Inter-Rater Reliability Reporting in Taskstream LAT by Watermark

If you have utilized the Multiple Evaluation or Outside Evaluation feature within any of your DRF Programs, the Performance by DRF Category Report will be able to show you the full multiple evaluation history. It will also give you the ability to compare specific evaluators.

Reporting for Multiple Evaluations

To access the Performance by DRF Category Report, first click the TS Coordinator menu.

A navigation page showing the DRF assessment system options, with the DRF Program Reports link highlighted among the available tools for templates, programs, and reporting.

Click the link for the Performance by DRF Category Report.

A Performance/Outcome Assessment Reports menu showing the option titled Performance by DRF Category highlighted, with a description indicating that the report shows outcomes for individuals or groups on each requirement or category of the DRF.

Select whether to run the report on a single DRF template or on one OR multiple DRF programs.

A report selection panel showing options to choose a DRF template or program for running a report, with radio buttons labeled Select by DRF Template and Select by Program.

Select on whom you wish to report.

A report selection panel showing options for choosing whom to include in the report, including all authors in selected programs, a random sample of authors, authors evaluated by a particular evaluator, authors grouped with a particular evaluator, a single author with a name entry field, advanced search filters, and authors eligible for an outside evaluation.
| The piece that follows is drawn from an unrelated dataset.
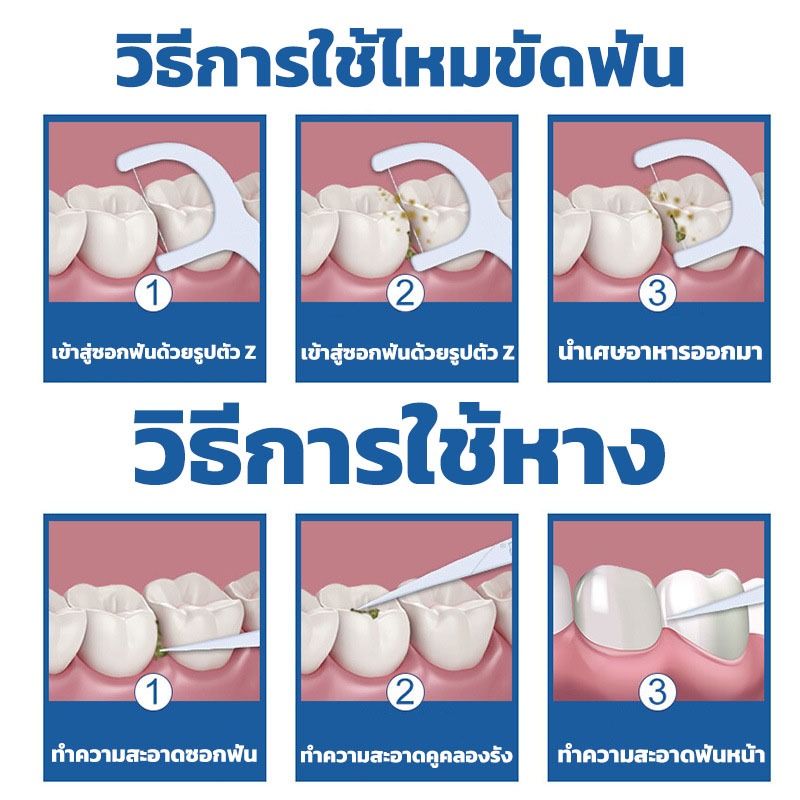 ไหมขัดฟัน2IN1ชนิดด้าม(50ชิ้น/กล่อง)ทางการแพทย์ ไม้จิ้มฟันพลาสติก ไหมขัดฟันแบบแท่ง แปรงขัดซอกฟัน แปรงสีฟัน

All Authors in one or more programs using selected DRF Template or Program(s)

This option provides a view of the names of the Programs where the selected DRF Template was used. Select the Programs you want to run reports on.

Random sample of Authors in one or more Programs

This option prompts you to select the sample size of the group you want to return. You can select to include anywhere from 1% of the Authors enrolled in the program to 50% of the Authors enrolled in the Program. You will need to choose from which Programs you want to pull the sample from.

All Authors evaluated by a particular Evaluator

This option provides a list of Evaluators in each Program using the selected DRF Template. Select the Evaluators you wish to include in your report.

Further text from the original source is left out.